Home | About | Sematext search-lucene.com search-hadoop.com
NEW: Monitor These Apps!
elasticsearch, apache solr, apache hbase, hadoop, redis, casssandra, amazon cloudwatch, mysql, memcached, apache kafka, apache zookeeper, apache storm, ubuntu, centOS, red hat, debian, puppet labs, java, senseiDB
 Search Hadoop and all its subprojects:

Switch to Threaded View
HBase >> mail # user >> Help with continuous loading configuration


Copy link to this message
-
Re: Help with continuous loading configuration
You can set put.setWriteToWAL(false) to skip the write ahead logging which
slows down puts significantly.  But, you will lose data if a regionserver
crashes with data in its memstore.
On Wed, Nov 16, 2011 at 4:09 PM, Amit Jain <[EMAIL PROTECTED]> wrote:

> Hi Stack,
>
> Thanks for the feedback.  Comments inline ...
>
> On Wed, Nov 16, 2011 at 3:35 PM, Stack <[EMAIL PROTECTED]> wrote:
>
> > On Wed, Nov 16, 2011 at 3:26 PM, Amit Jain <[EMAIL PROTECTED]> wrote:
> > > Hi Lars,
> > >
> > > The keys are arriving in random order.  The HBase monitoring page shows
> > > evenly distributed load across all of the region servers.
> >
> > What kind of ops rates are you seeing?  They are running nice and
> > smooth across all servers?   No stuttering?   Whats your regionserver
> > logs look like?
> >
> > Are you presplitting your table or just letting hbase run and do up the
> > splits?
> >
>
> As far as I can tell, the operations look smooth across all servers.  We're
> not doing any pre-splitting, just letting HBase do the splits.
>
>
> > >  I didn't see
> > > anything weird in the gc logs, no mention of any failures.  I'm a
> little
> > > unclear about what the optimal values for the following properties
> should
> > > be:
> > >
> > > hbase.hstore.compactionThreshold
> >
> > Default is 3.  Look in regionserver logs.  See how many files you have
> > on average by region columnfamily (you could also look in filesystem).

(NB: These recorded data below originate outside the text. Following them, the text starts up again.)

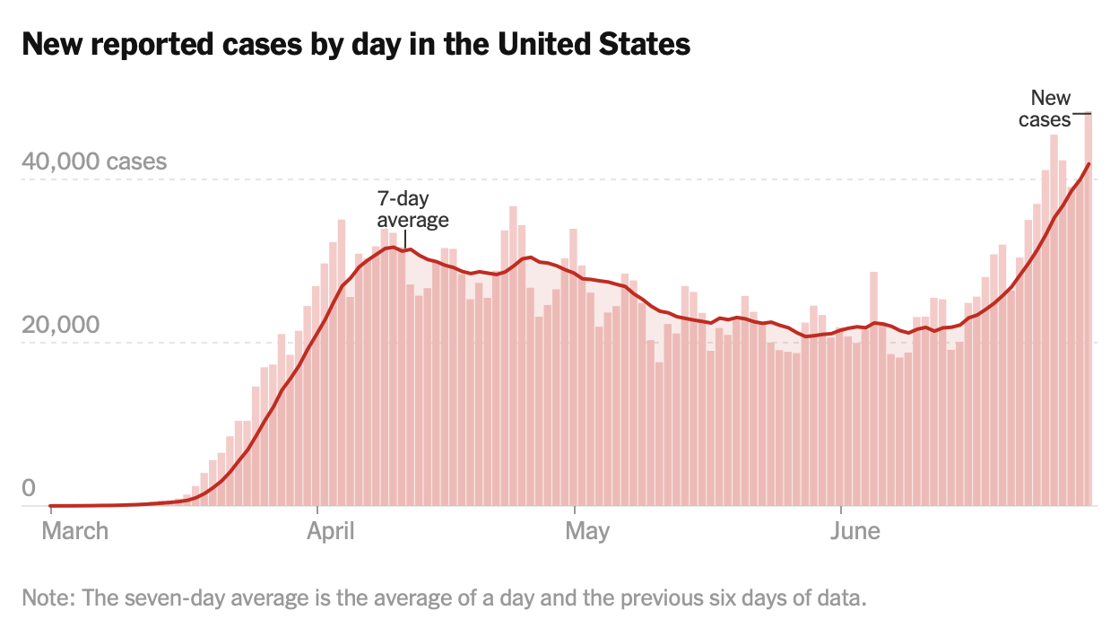 Currently there are more new cases being reported than at the previous height of the pandemic in April. At Trump's urging, states reopened their economies before public health experts said they should. In fact, before White House's own reopening guidelines said they should.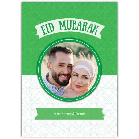 Send heartfelt wishes this Eid with our Eid Mubarak Green Photo Upload Greeting Card, elegantly designed to blend tradition and modern personal touch. Featuring a striking green and white colour scheme adorned with subtle geometric patterns, this card perfectly captures the spirit of celebration and gratitude.
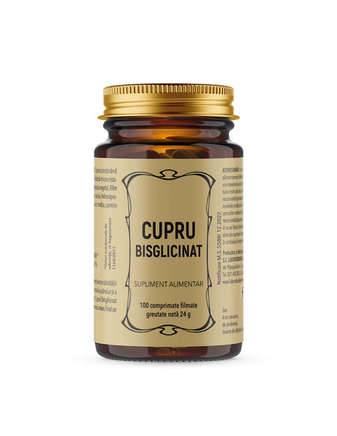 Cupru Chelat Bisglicinat 100 comprimate este un supliment alimentar produs de Laboratoarele Remedia, ce furnizează cupru sub formă chelată (bisglicinat), recunoscută pentru biodisponibilitatea superioară și toleranța digestivă ridicată.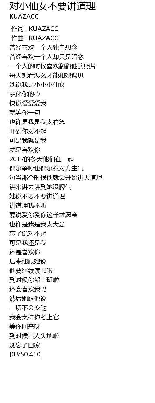 | [02:03.963] | 她说不要不要讲道理 |

> >  Are we constantly rewriting them?   If write only load mostly, you
> > might up this putting off compactions till more files around (but
> > looking in regionserver logs, if high write rate, we might be having
> > trouble keeping up with this default threshold anyways?).
> >
>
> Well, it looks like half of the regions are in the 25-32 file range and the
> other half just have 1 or 2 files.  This was when we ran it with a
> compactionThreshold of 15.
>
> How can I tell by looking at the region server logs if we're seeing a "high
> write rate" ?  We've got 48 clients sending load, 12 region servers total.

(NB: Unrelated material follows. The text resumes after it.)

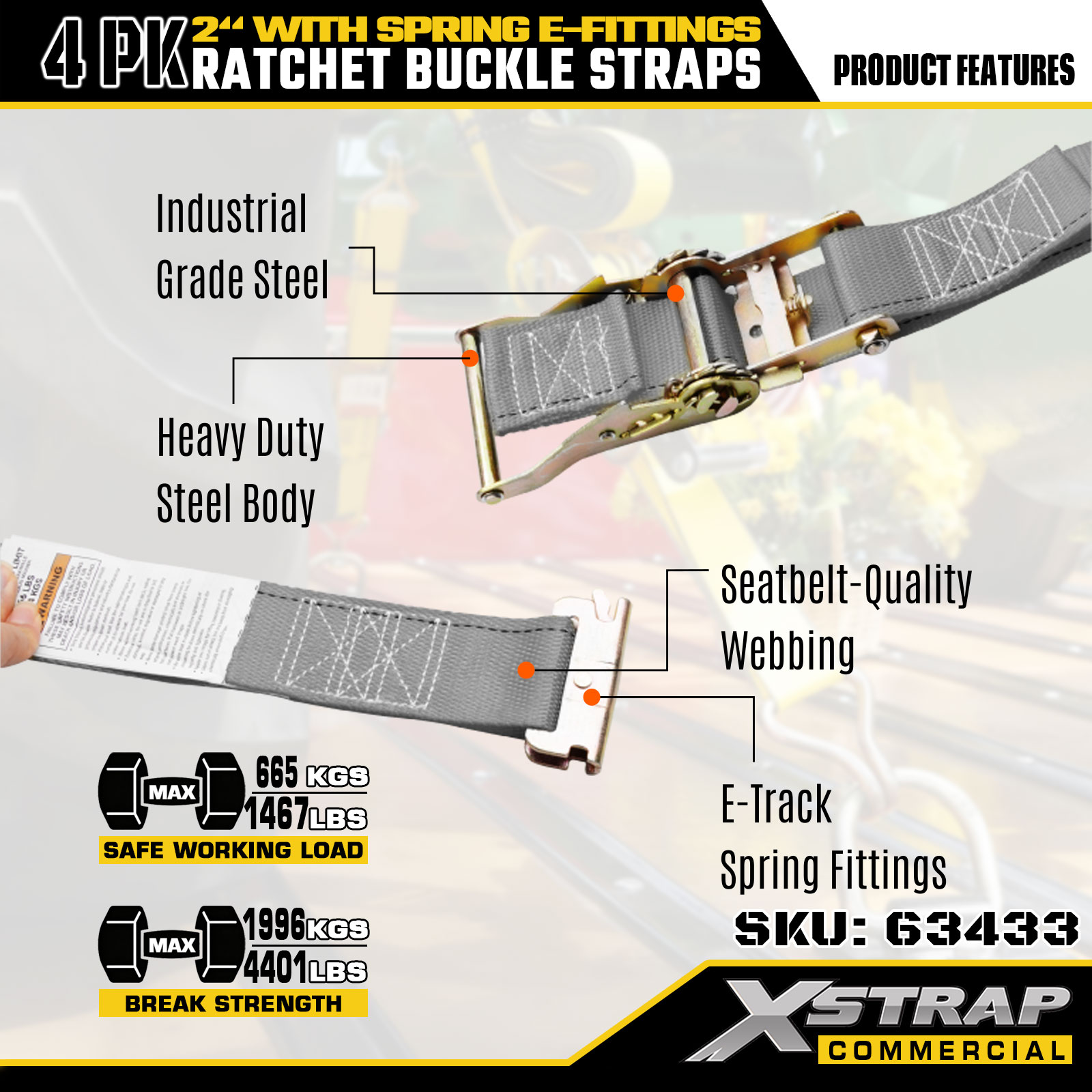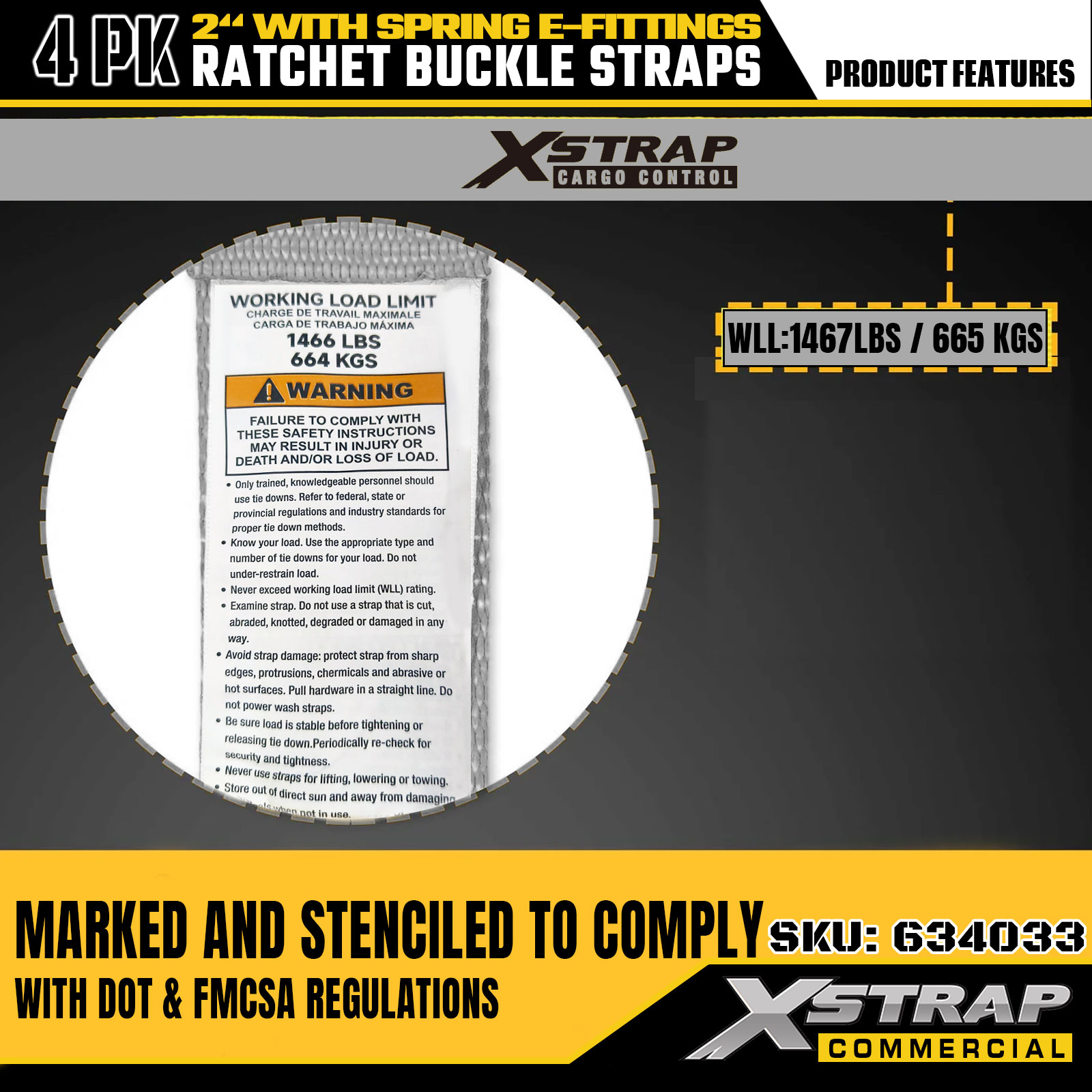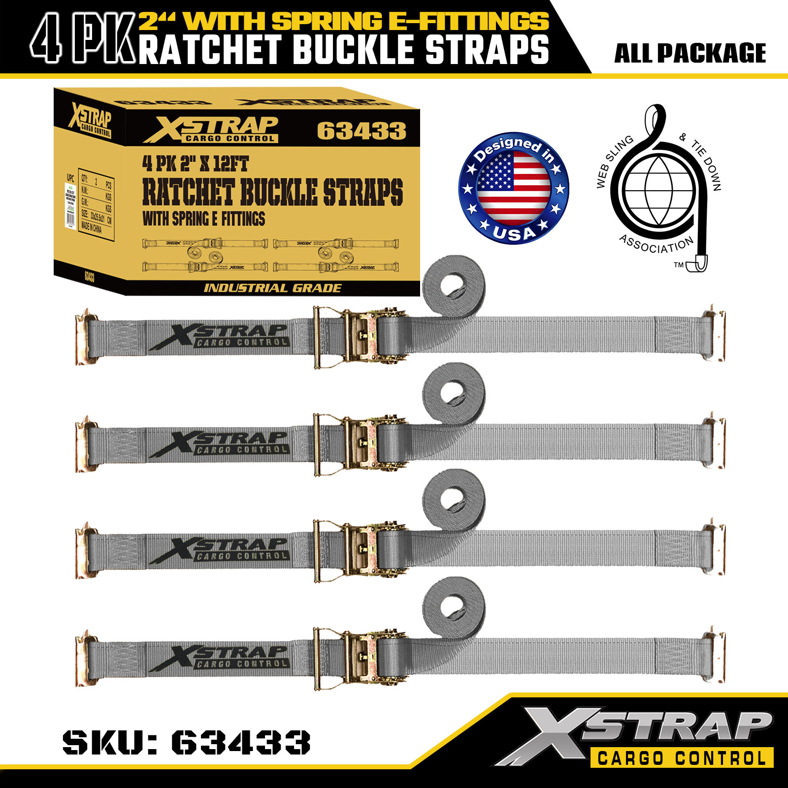 Xstrap 4 Pack Räikkäkiinnityshihnat, 2" x 16" polyesterilastin kiinnityshihnat, 1467 paunaa turvallinen työkuorma ja 4401 paunaa murtolujuus, metalliset E-koukut kuorma-autoille, ruohonleikkureille ja mönkijöille2. Tuotetiedot:

>  We're pushing the system pretty hard.
>
>
> > > hbase.hstore.blockingStoreFiles
> > >
> >
> > The higher this is, the bigger the price you'll pay if a server
> > crashes because this will be the upper bound on how many WAL logs we
> > need to split for the server before its regions come back on line
> > again.  Leave it default I'd say for now.
> >
>
> Ok, we'll leave it default for now.
>
>
> > > Is there some rule of thumb that I can use to determine good values for
> > > these properties?
> > >
> >
> > You've checked out this section of the book:
> > http://hbase.apache.org/book.html#performance
> >
> > Are you filling the machines?   Are they burning cpu?  Or io-bound?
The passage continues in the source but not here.